*** Task input Section Begins ***

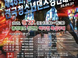 충북 진천군 (재)생거진천문화재단은 오는 9월 27일 제46회 생거진천 문화축제를 맞아‘전국 청소년 댄스 경연대회’를 백곡천 메인 무대에서 개최한다고 27일 밝혔다.이번 행사는 (재)생거진천문화재단 주
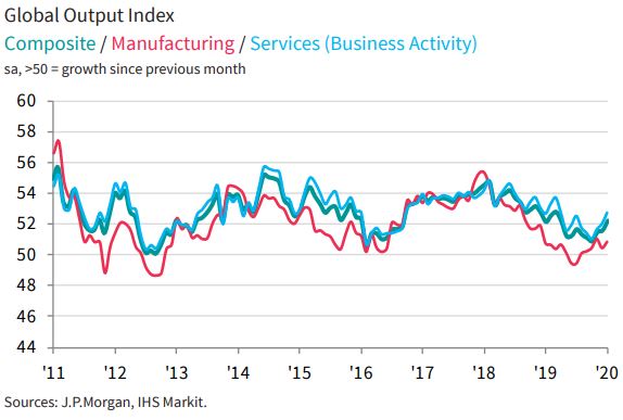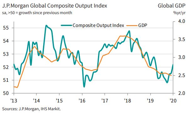 Global Composite PMI data gave further signals of global growth bottoming out at the start of 2020. Composite Output Index
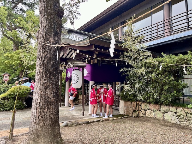 開始時間が近づいてくるにつれ、その本神輿と同じデザインの色違い……つまり皆様からのご支援で新しく作られた、長田神社様の『女性神輿』の法被姿の方々が着替えを終えて外に出てき始めました。
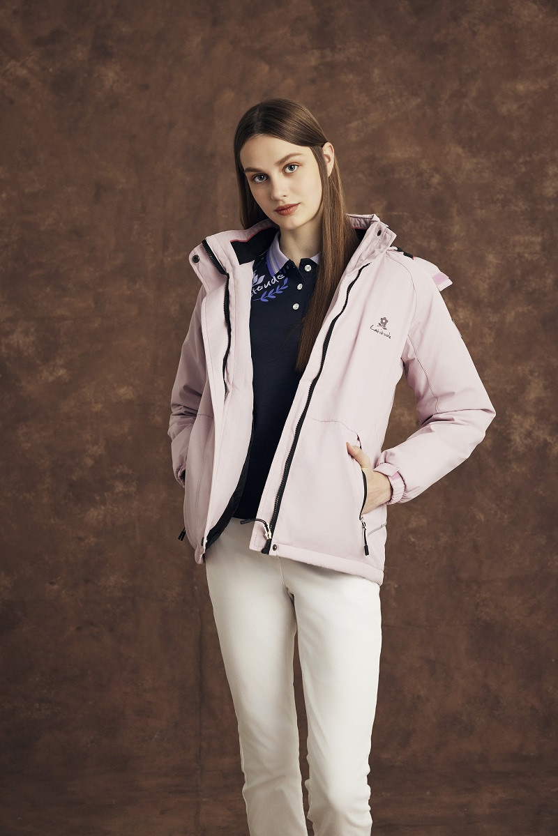色彩選用以湖水藍、藏青、奶油白與深墨黑交織,呼應都市與自然的靜謐節奏。設計細節如防風面料、拉鍊口袋與可拆式連帽,讓穿著者從高球場到日常通勤皆能自在切換。系列主打大圖騰LOGO單品,為整體造型注入復古與摩登兼容的視覺焦點。
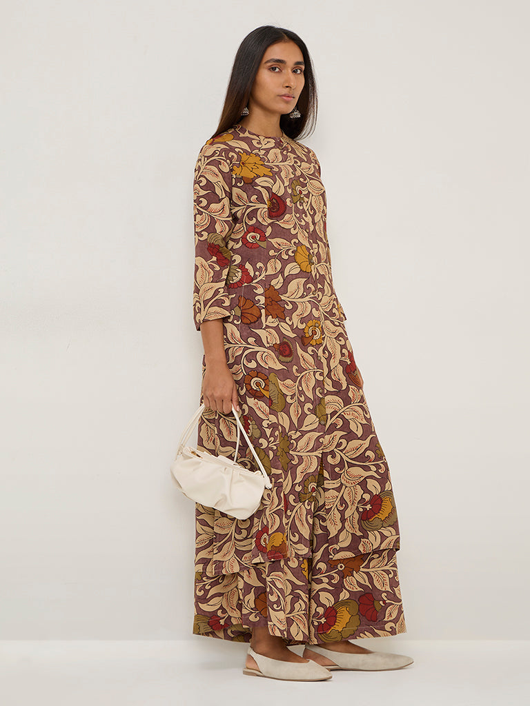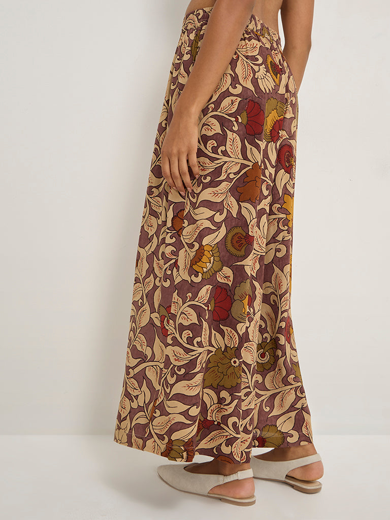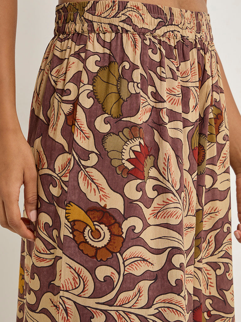 These purple palazzos from Utsa are adorned with floral patterns. Designed with a high-rise fit. the breathable separate is fitted with an elasticated waistband for a snug fit.
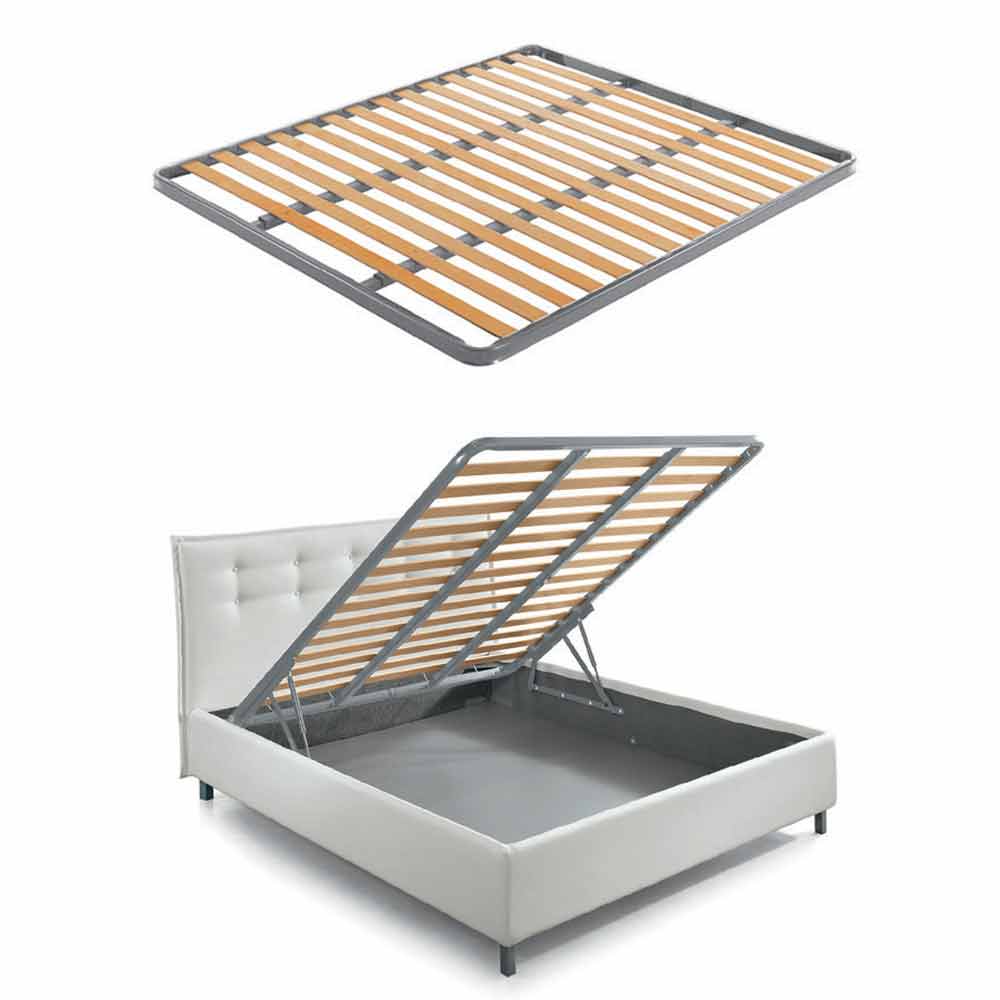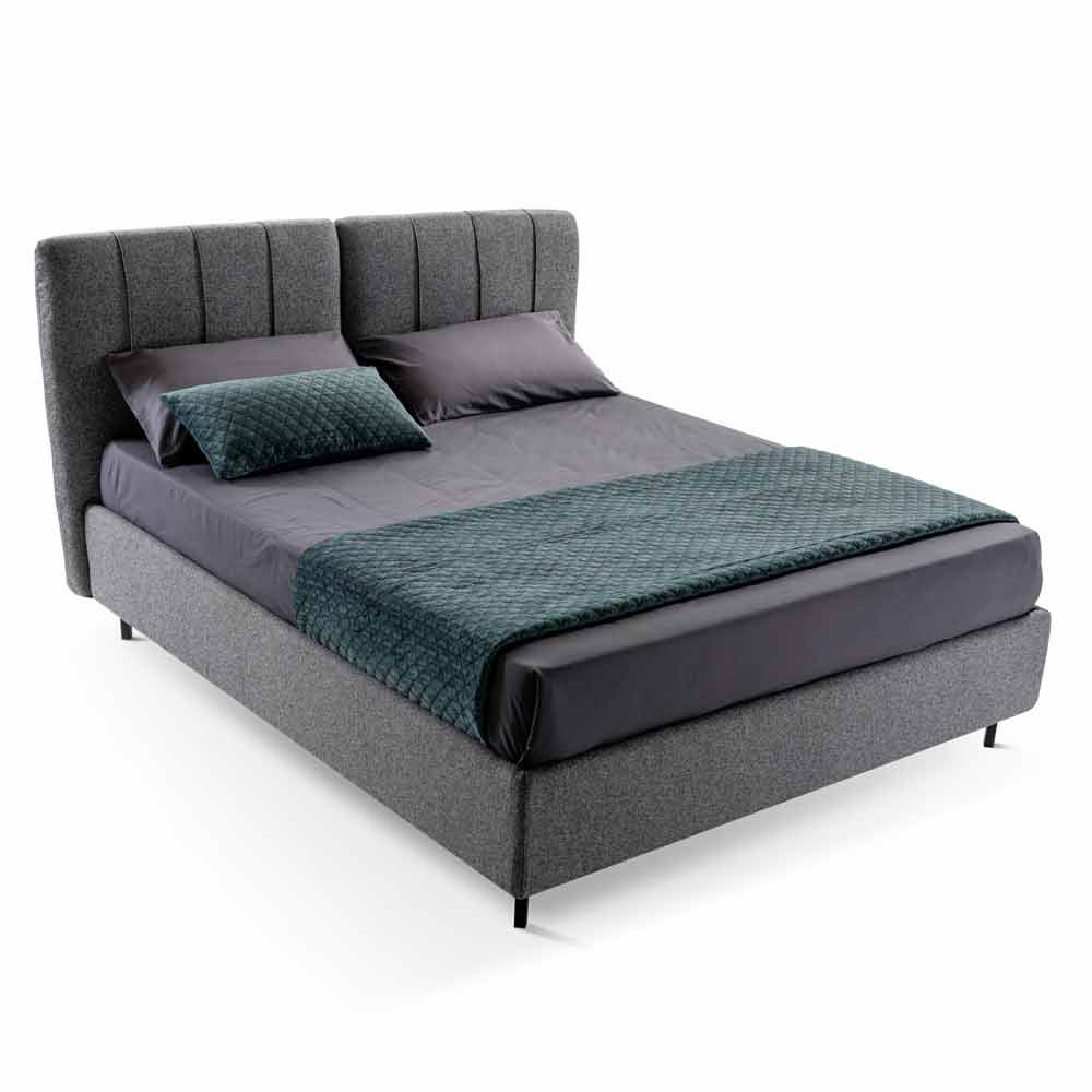 سرير مزدوج عصري فاخر مع صندوق تخزين من القماش وأقدام معدنية، مصنوع يدويًا في إيطاليا.

*** Task input Section Ends ***

## Problem
Pictures in the records above are to be left out of an otherwise exact copy.

## Reply
 충북 진천군 (재)생거진천문화재단은 오는 9월 27일 제46회 생거진천 문화축제를 맞아‘전국 청소년 댄스 경연대회’를 백곡천 메인 무대에서 개최한다고 27일 밝혔다.이번 행사는 (재)생거진천문화재단 주
 Global Composite PMI data gave further signals of global growth bottoming out at the start of 2020. Composite Output Index
 開始時間が近づいてくるにつれ、その本神輿と同じデザインの色違い……つまり皆様からのご支援で新しく作られた、長田神社様の『女性神輿』の法被姿の方々が着替えを終えて外に出てき始めました。
色彩選用以湖水藍、藏青、奶油白與深墨黑交織,呼應都市與自然的靜謐節奏。設計細節如防風面料、拉鍊口袋與可拆式連帽,讓穿著者從高球場到日常通勤皆能自在切換。系列主打大圖騰LOGO單品,為整體造型注入復古與摩登兼容的視覺焦點。
 These purple palazzos from Utsa are adorned with floral patterns. Designed with a high-rise fit. the breathable separate is fitted with an elasticated waistband for a snug fit.
 سرير مزدوج عصري فاخر مع صندوق تخزين من القماش وأقدام معدنية، مصنوع يدويًا في إيطاليا.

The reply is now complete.